WHAT IS NEEDED> Find "Fig 2 : Images" in the entries below; copy that line through the last, exactly, with no pictures.
═════ DATA IN THIS EXERCISE ═════
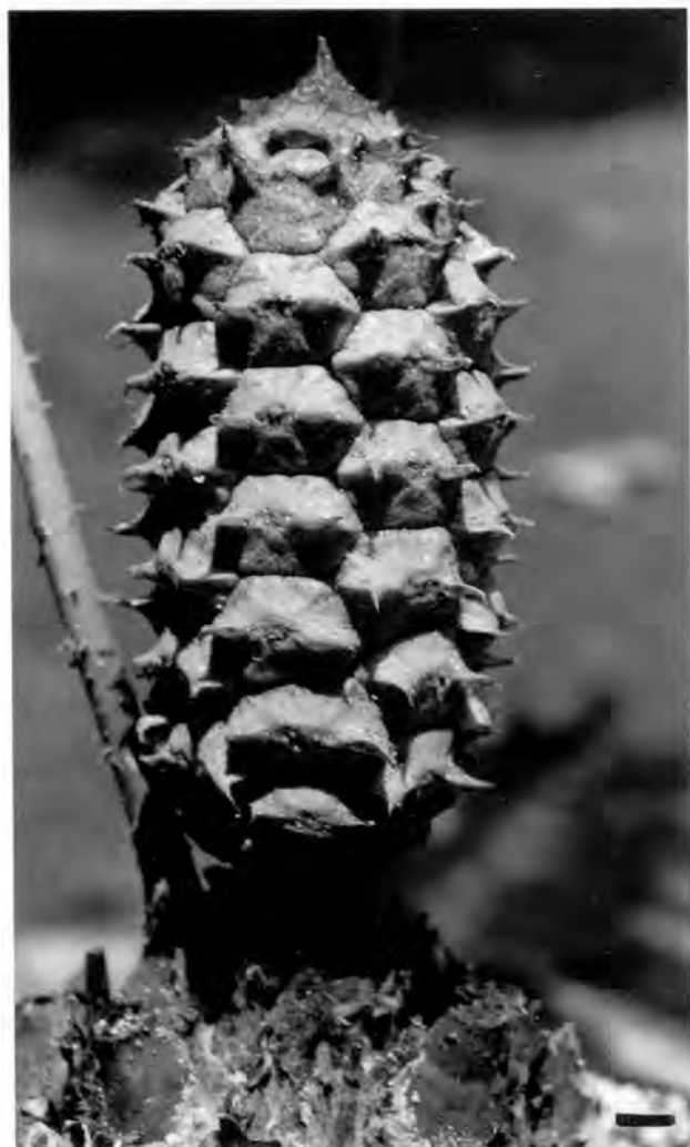
Figure 2. Mature megastrobilus, scale bar = 1 cm.

stipulate, 3–3.2 cm long, 2.6–2.8 cm wide at base. LEAVES pinnate, glabrous, 3–5, ascending, extending forming an open apical crown, 50–73 cm (mean = 60) long, 30–42 cm (mean = 38) wide ( N = 25 ); petiole and rachis terete, armed with few prickles that diminish in number and thickness from proximal to distal ends; petiole linear, 19–41 cm (mean = 25) long, 0.8 cm diameter, tomentose at base, rachis 30–64 cm (mean = 57) long; LEAFLETS coriaceous, 5–16 (mean = 15) pairs, opposite to subopposite at times subalternate along proximal and mid portion of leaf, oblanceolate, rarely bidentate at or near asymmetrical apex, apex acuminate, margin entire, subrevolute, brilliant green on adaxial surface, light green on abaxial, 6.5–21 cm (mean = 16.5) long, 3.2–6.5 cm (mean = 4) wide, veins visible 30–38 (mean = 32), intervein distance 1.1–1.6 mm (mean = 1.4) (all N = 25 ). MICROSTROBILI erect,
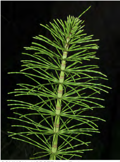
COMMON HORSETAIL (Equisetum arvense) Native Perennial - Horsetail Family - - Streambanks, wet meadows, springs, other wet, shaded places - Sterile stems 4-24" tall, 6-14 sheath teeth. Fertile stems 4-13" tall, 6-10 sheath teeth.
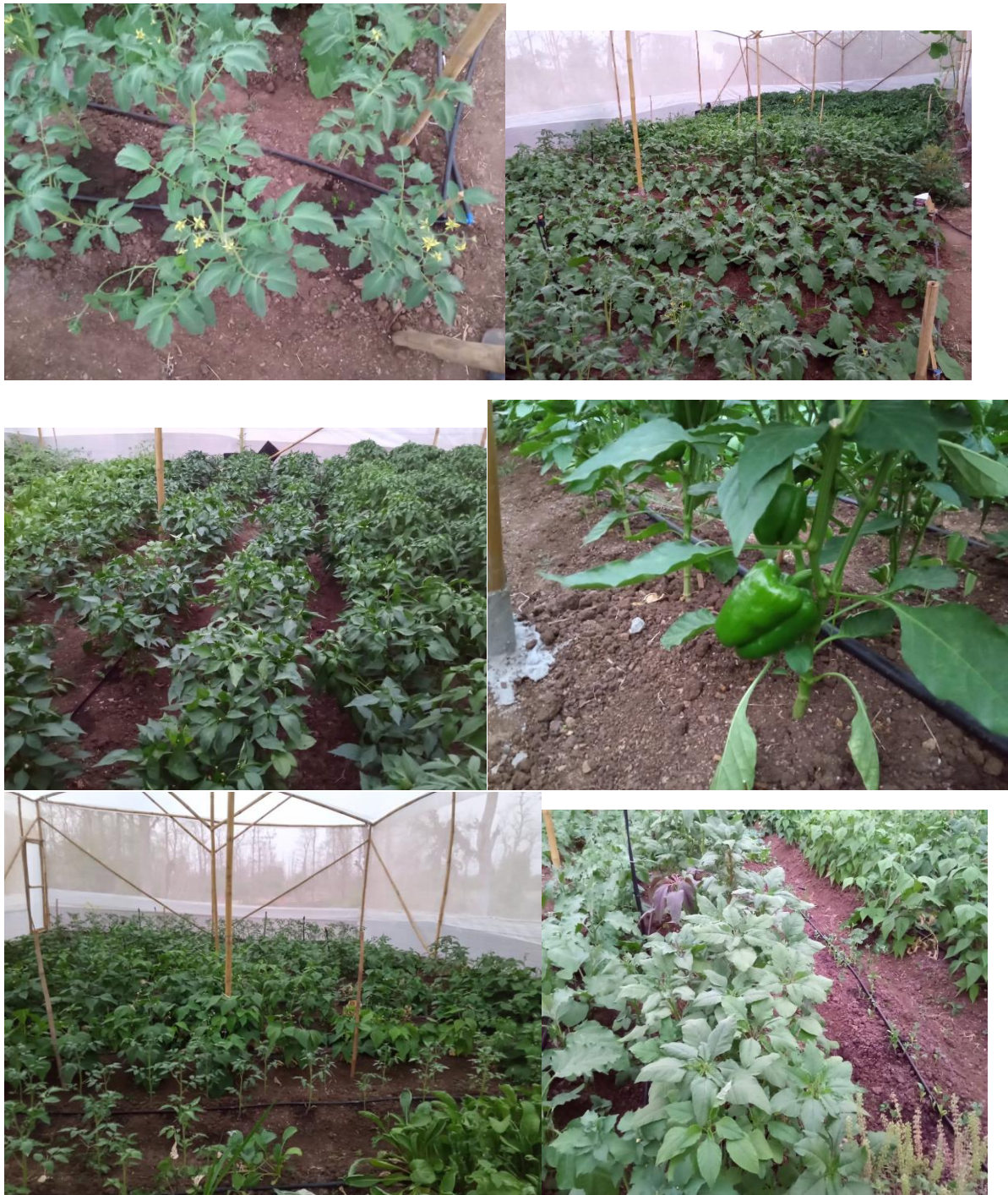
Fig 2 : Images inside Bamboo Polyhouse from Balapur site captured on 13 th April 2021
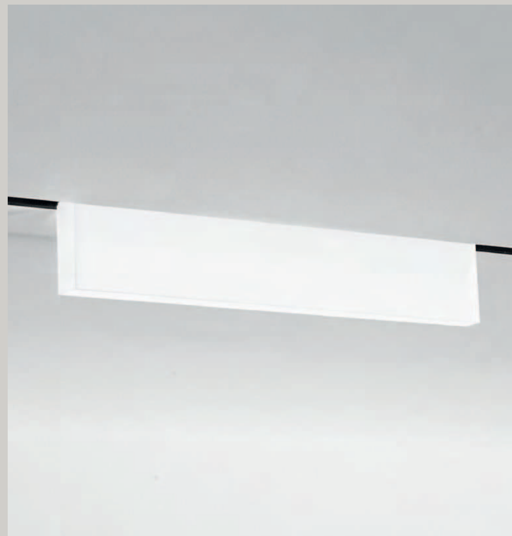
°out with solid frost diffuser (SF)
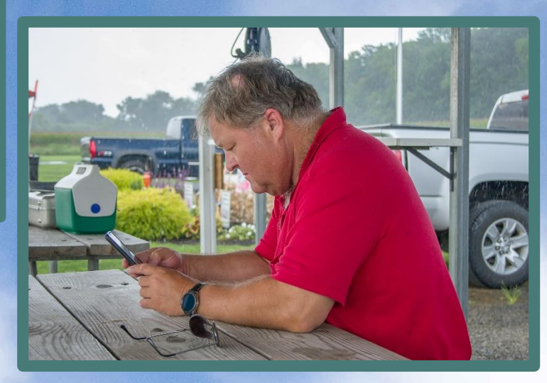
Waiting for the rain to stop
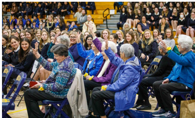
Notre Dame Elementary and High School, Belmont, CA celebrating Founders' Day Mass together
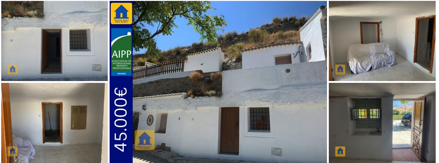
Cueva antonio galera

Lovely, quirky cave situated on a hillside above Galera village, 10 min walk to amenities. This cave house is set on two storeys with a terrace and has great mountain views. Downstairs is a front room that could be a living room or office and a back room that could be a bedroom or large storage space. Upstairs is a central dining or living room area with a fireplace, surrounded by 2 nice-sized bedrooms (one with ensuite bathroom), kitchen, and a cosy sitting room that looks out onto the terrace. This property is already liveable but needs some updating. Outside is a large, communal patio, with a covered space for table and chairs, and a parking space that is shared with neighbours. A private parking area is down below the patio (not pictured). This is a charming property that is well priced.
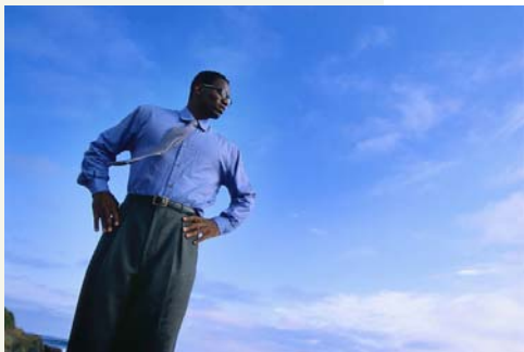
One person can make a difference.
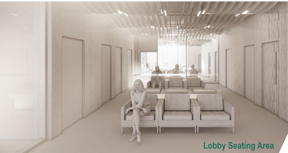
Lobby Seating Area
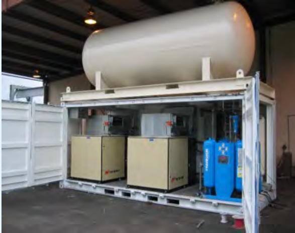
Mobile ISO Container System
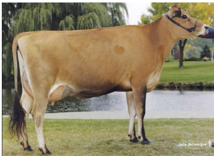
Ronada Ren Suzi EX94 5 th Dam of Lot 4
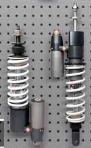
SHOCK ABSORBER PAIR RS24/10-R FRONT/REAR
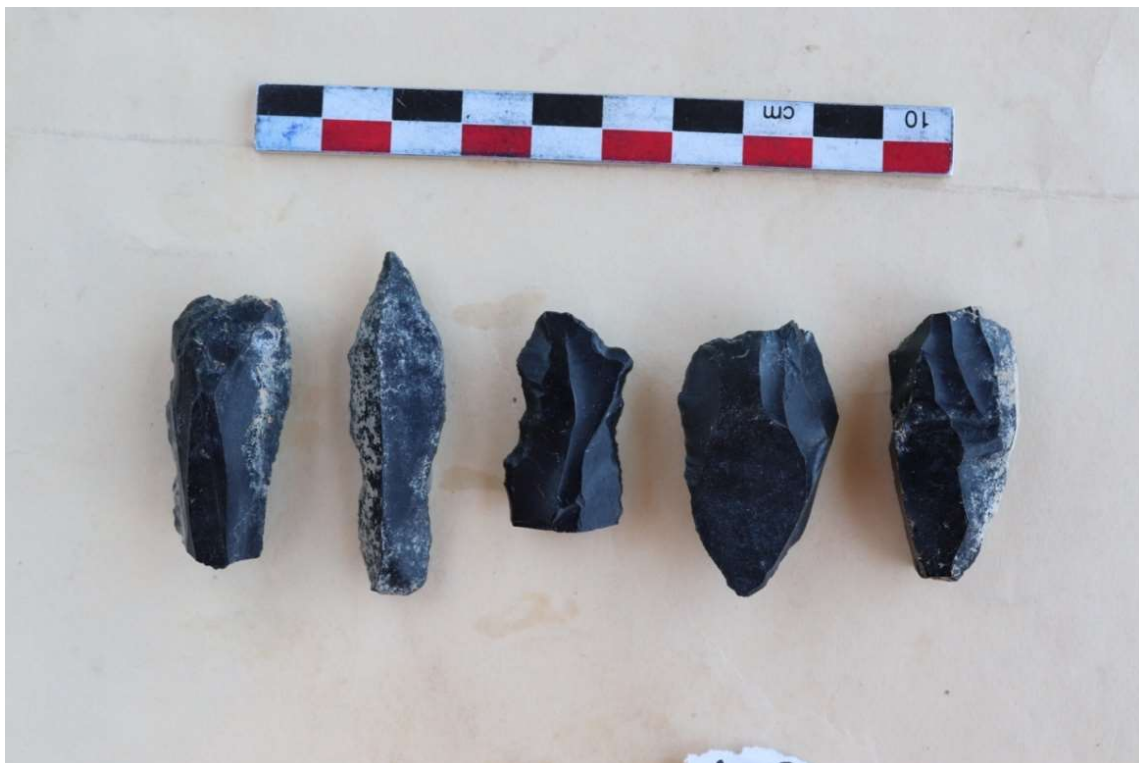
Fig.8 Blade and cores from #1002 WB2 area
═════
WRITTEN ANSWER>
Fig 2 : Images inside Bamboo Polyhouse from Balapur site captured on 13 th April 2021
°out with solid frost diffuser (SF)
Waiting for the rain to stop
Notre Dame Elementary and High School, Belmont, CA celebrating Founders' Day Mass together
Cueva antonio galera

Lovely, quirky cave situated on a hillside above Galera village, 10 min walk to amenities. This cave house is set on two storeys with a terrace and has great mountain views. Downstairs is a front room that could be a living room or office and a back room that could be a bedroom or large storage space. Upstairs is a central dining or living room area with a fireplace, surrounded by 2 nice-sized bedrooms (one with ensuite bathroom), kitchen, and a cosy sitting room that looks out onto the terrace. This property is already liveable but needs some updating. Outside is a large, communal patio, with a covered space for table and chairs, and a parking space that is shared with neighbours. A private parking area is down below the patio (not pictured). This is a charming property that is well priced.
One person can make a difference.
Lobby Seating Area
Mobile ISO Container System
Ronada Ren Suzi EX94 5 th Dam of Lot 4
SHOCK ABSORBER PAIR RS24/10-R FRONT/REAR
Fig.8 Blade and cores from #1002 WB2 area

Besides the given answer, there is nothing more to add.